→ **TASK TO CARRY OUT**
Leaving the pictures aside, repeat every line below exactly.

→ **Collected data entries**
━━━━━━━━━━━━━━━━━━━━━━━━━━━━━━

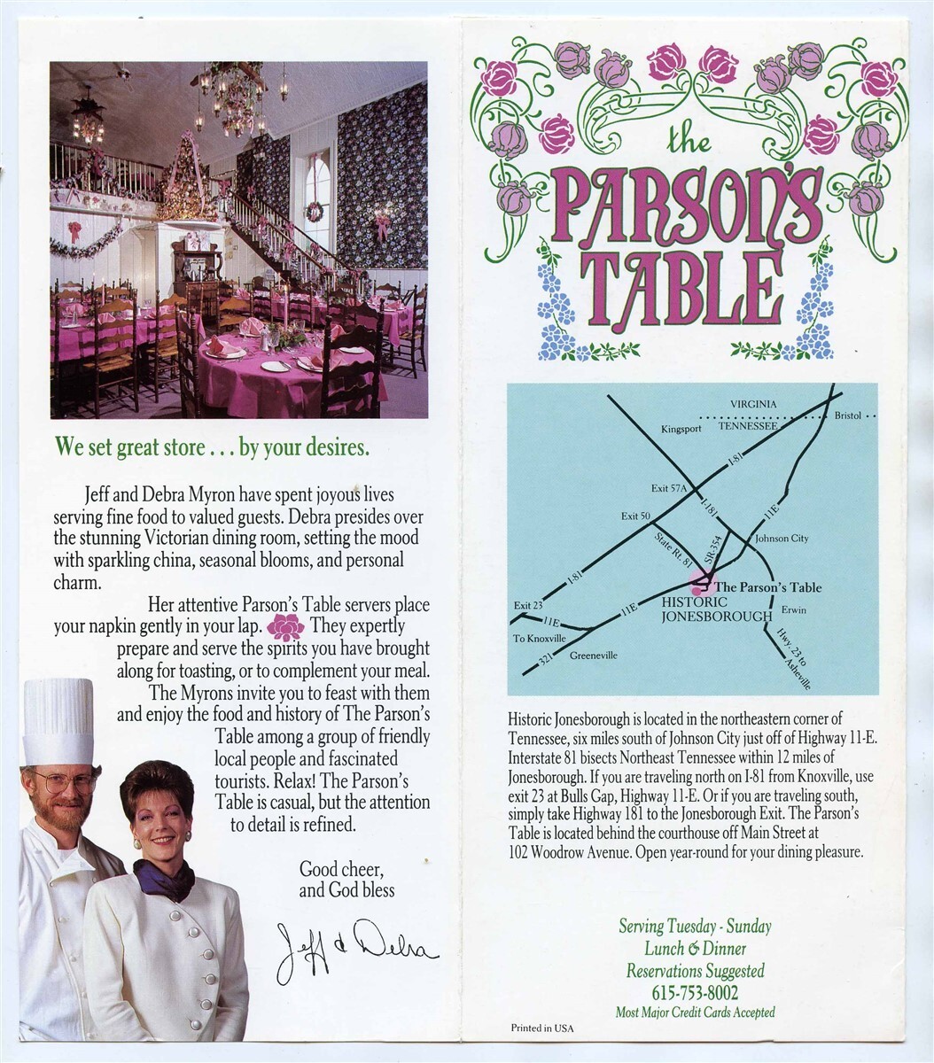 A full color 6 panel fold out brochure. The Parson's Table Restaurant Brochure . Located in Jonesborough Tennessee
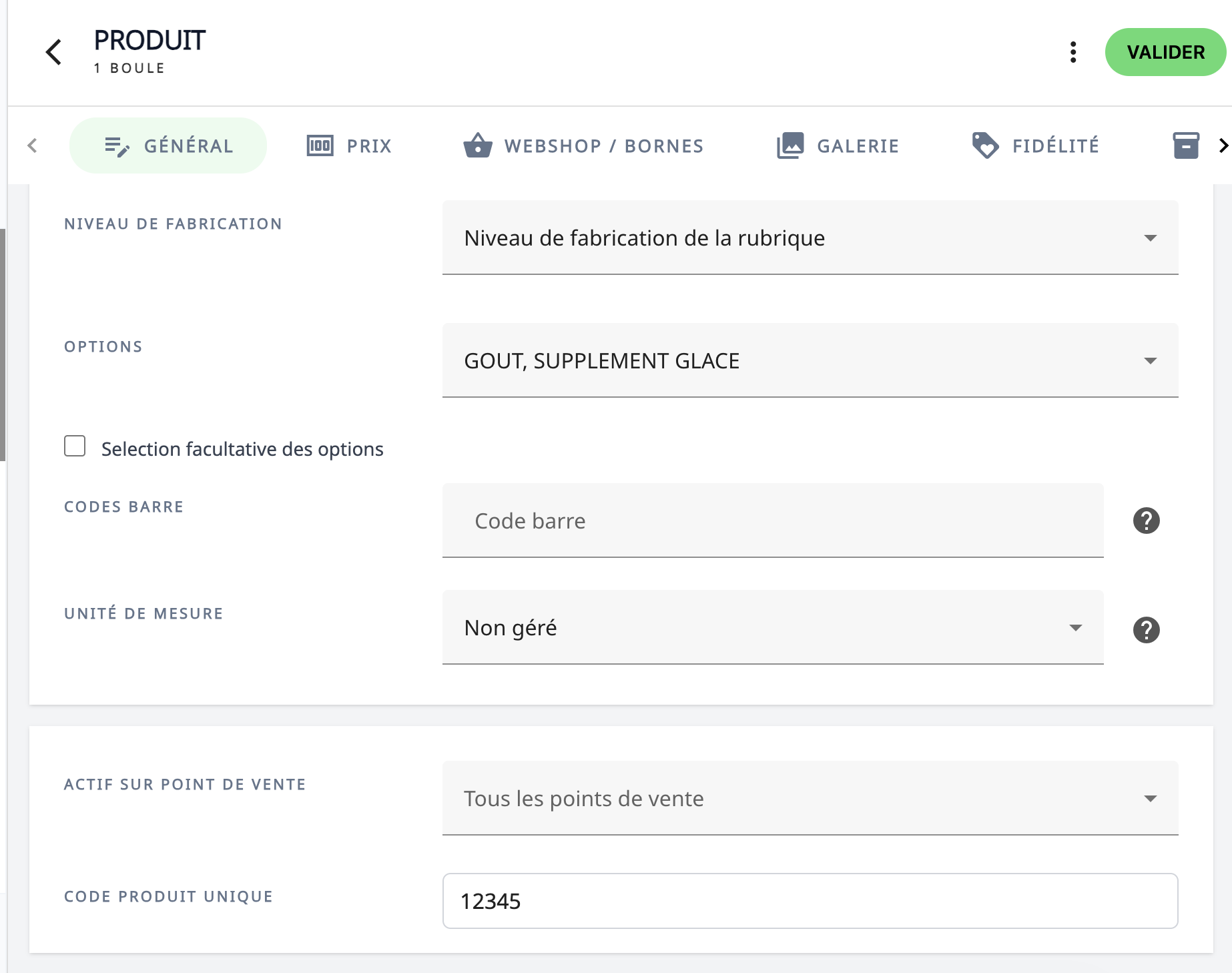 - Depuis la fiche du produit sous "Actif sur le point de vente" :
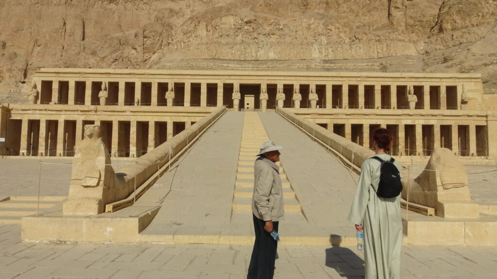 It takes almost an hour to drive there, since the bridge to cross the river is way out of town. Still, we made it to Hatshepsut before 8am, and it was great, because it was pretty much empty! Ahmed said people normally do the Valley first, and that’s why it’s good to come here early. He gave us an excellent tour – poor Queen, with all of her cartouches erased! We spent a fair amount of time exploring, saw the Polish archeological team restoring a sphinx with an angle grinder, and then got told off for trying to climb a slope to other tombs.
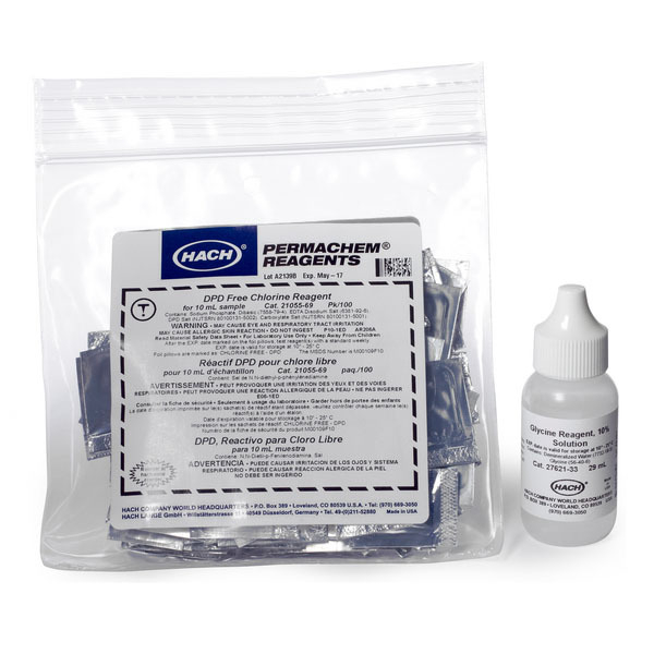 For determination of Chiorine Dioxide by the DPD Glycine method. USEPA accepted for reporting for drinking water analysis using Hach Method 10126. Range: 0.04 - 5.00 mg/L ClO?. Sample Size: 10 mL Reagent set includes DPD Free Chlorine Reagent Powder Pillows and Glycine Reagent for approximately 100 tests.
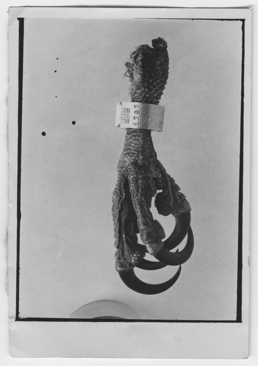 Fot av fiskgjuse, ringmärkt 1797 E. På en lapp tillhörande fotot står: Pandion haliaetus (Linnaeus), Ångermanland 1930-07-18, återfunnen Alfaqnes, Östra Spanien 1930-10-25.
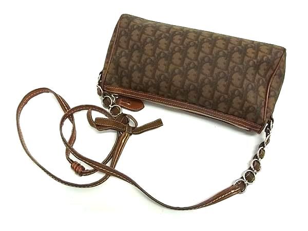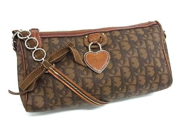 1円 ChristianDior クリスチャンディオール トロッター PVC×レザー ハート クロスボディ ショルダーバッグ 斜め掛け ブラウン系 FV3075
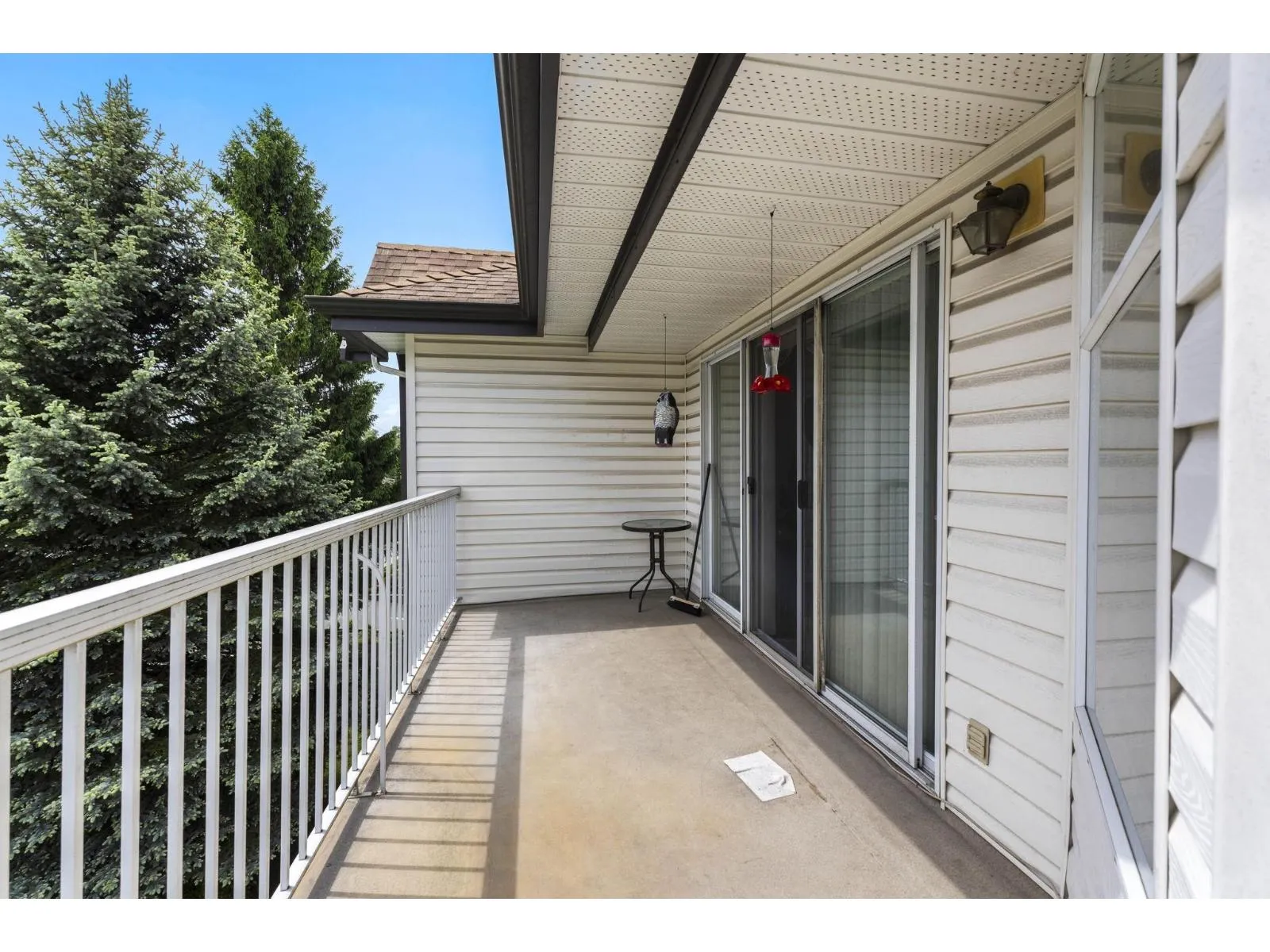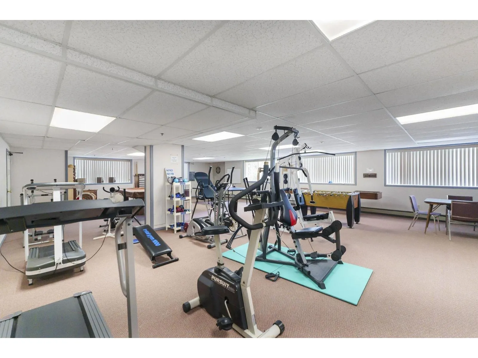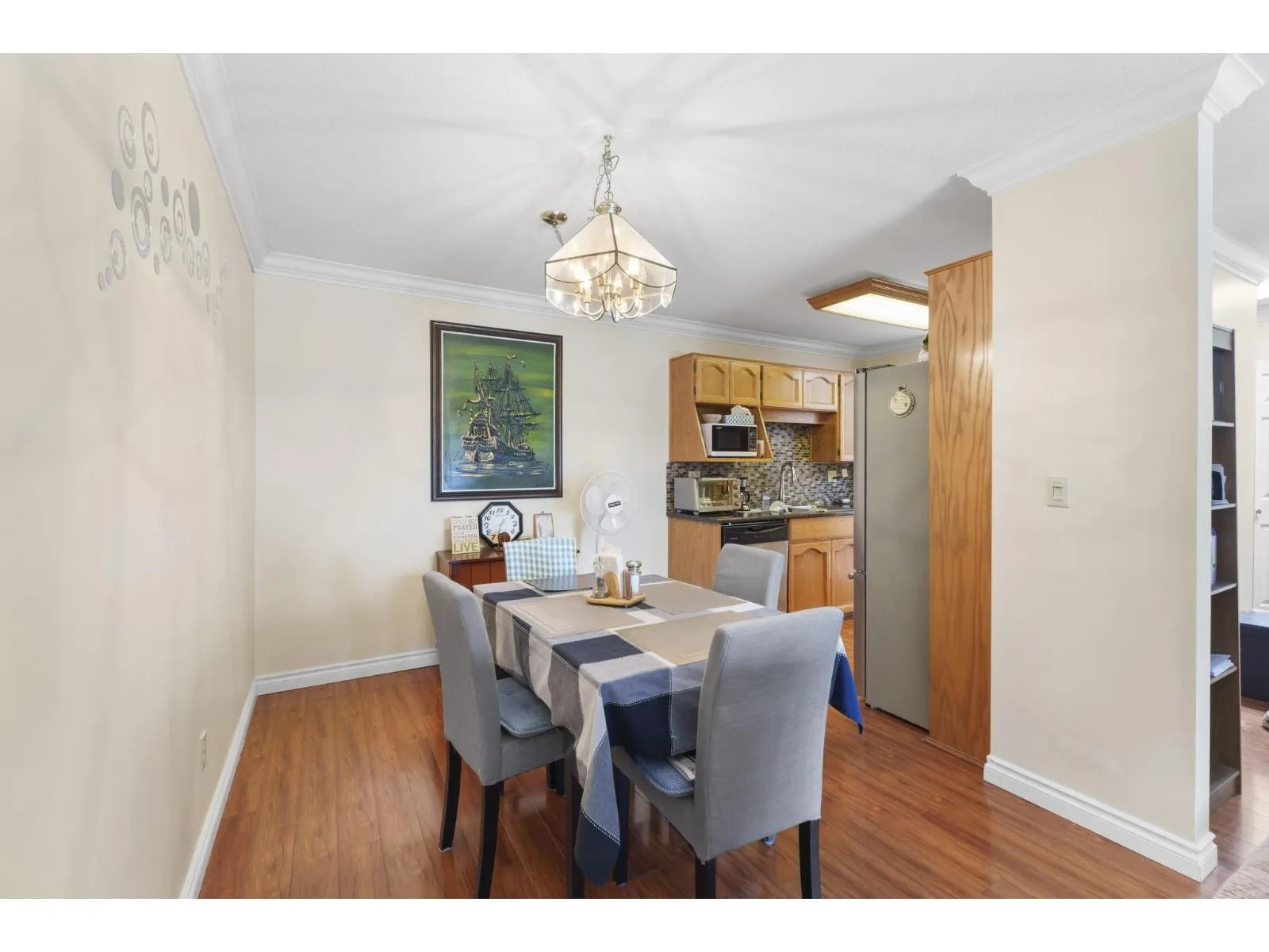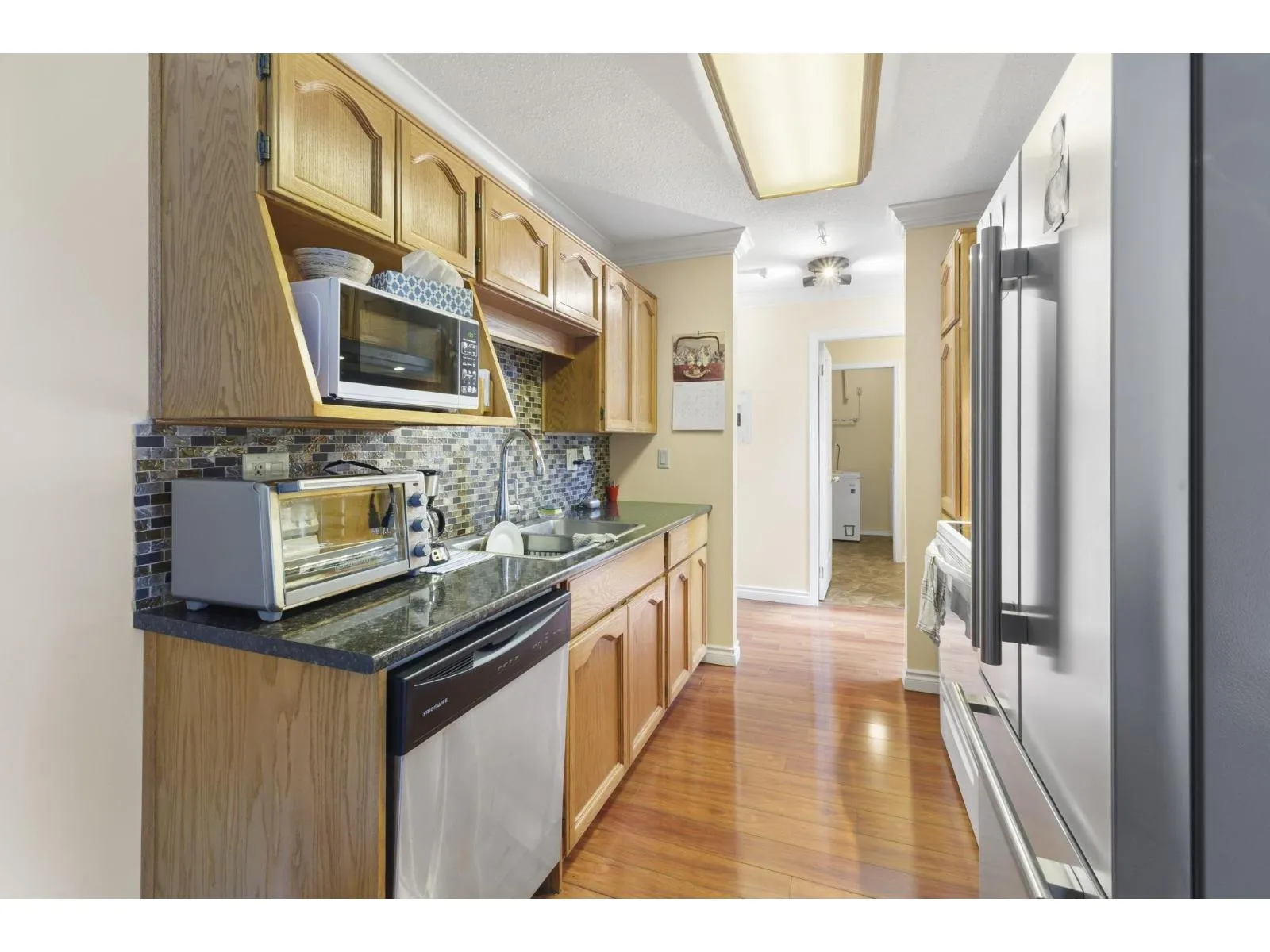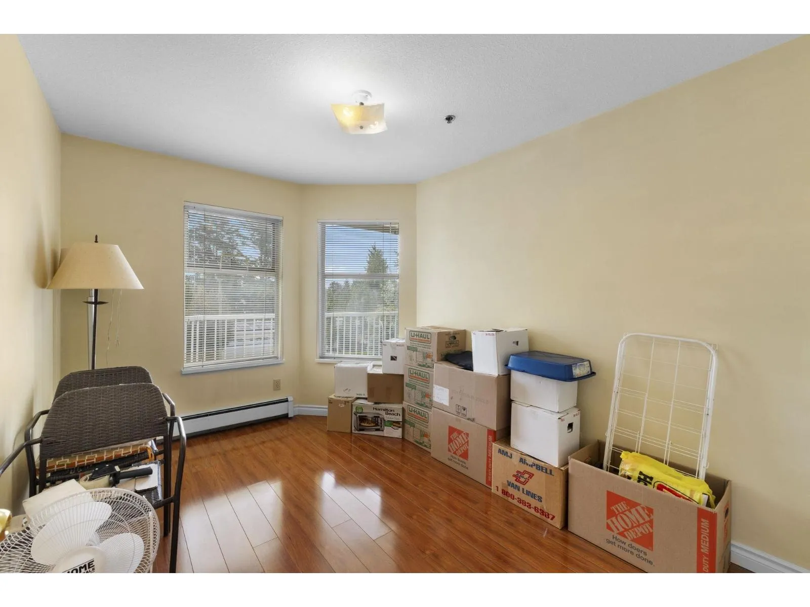 Top-floor charm in Central Heights Manor! This bright 2 bed, 2 bath condo welcomes you with a skylit foyer and stylish laminate floors throughout. Enjoy formal living and dining spaces with elegant crown moulding, rich draperies, and a cozy wall-mounted electric fireplace. Step into the sunny south-facing deck through sliding glass doors. The galley kitchen features sleek stainless steel appliances. Relax in the spacious primary bedroom with vaulted ceilings, walk-in closet, and 4-piece ensuite. The second bedroom is ideal as a guest room, office, or den. In-suite laundry with extra storage, 2 storage lockers, and a secure underground parking stall, and great amenities that include a gym, games room, workshop, art room, coffee area, guest suites, BBQ pit, and a community piano! (id:27476)

━━━━━━━━━━━━━━━━━━━━━━━━━━━━━━

→ **PROBLEM SOLUTION**
 A full color 6 panel fold out brochure. The Parson's Table Restaurant Brochure . Located in Jonesborough Tennessee
 - Depuis la fiche du produit sous "Actif sur le point de vente" :
 It takes almost an hour to drive there, since the bridge to cross the river is way out of town. Still, we made it to Hatshepsut before 8am, and it was great, because it was pretty much empty! Ahmed said people normally do the Valley first, and that’s why it’s good to come here early. He gave us an excellent tour – poor Queen, with all of her cartouches erased! We spent a fair amount of time exploring, saw the Polish archeological team restoring a sphinx with an angle grinder, and then got told off for trying to climb a slope to other tombs.
 For determination of Chiorine Dioxide by the DPD Glycine method. USEPA accepted for reporting for drinking water analysis using Hach Method 10126. Range: 0.04 - 5.00 mg/L ClO?. Sample Size: 10 mL Reagent set includes DPD Free Chlorine Reagent Powder Pillows and Glycine Reagent for approximately 100 tests.
 Fot av fiskgjuse, ringmärkt 1797 E. På en lapp tillhörande fotot står: Pandion haliaetus (Linnaeus), Ångermanland 1930-07-18, återfunnen Alfaqnes, Östra Spanien 1930-10-25.
 1円 ChristianDior クリスチャンディオール トロッター PVC×レザー ハート クロスボディ ショルダーバッグ 斜め掛け ブラウン系 FV3075
 Top-floor charm in Central Heights Manor! This bright 2 bed, 2 bath condo welcomes you with a skylit foyer and stylish laminate floors throughout. Enjoy formal living and dining spaces with elegant crown moulding, rich draperies, and a cozy wall-mounted electric fireplace. Step into the sunny south-facing deck through sliding glass doors. The galley kitchen features sleek stainless steel appliances. Relax in the spacious primary bedroom with vaulted ceilings, walk-in closet, and 4-piece ensuite. The second bedroom is ideal as a guest room, office, or den. In-suite laundry with extra storage, 2 storage lockers, and a secure underground parking stall, and great amenities that include a gym, games room, workshop, art room, coffee area, guest suites, BBQ pit, and a community piano! (id:27476)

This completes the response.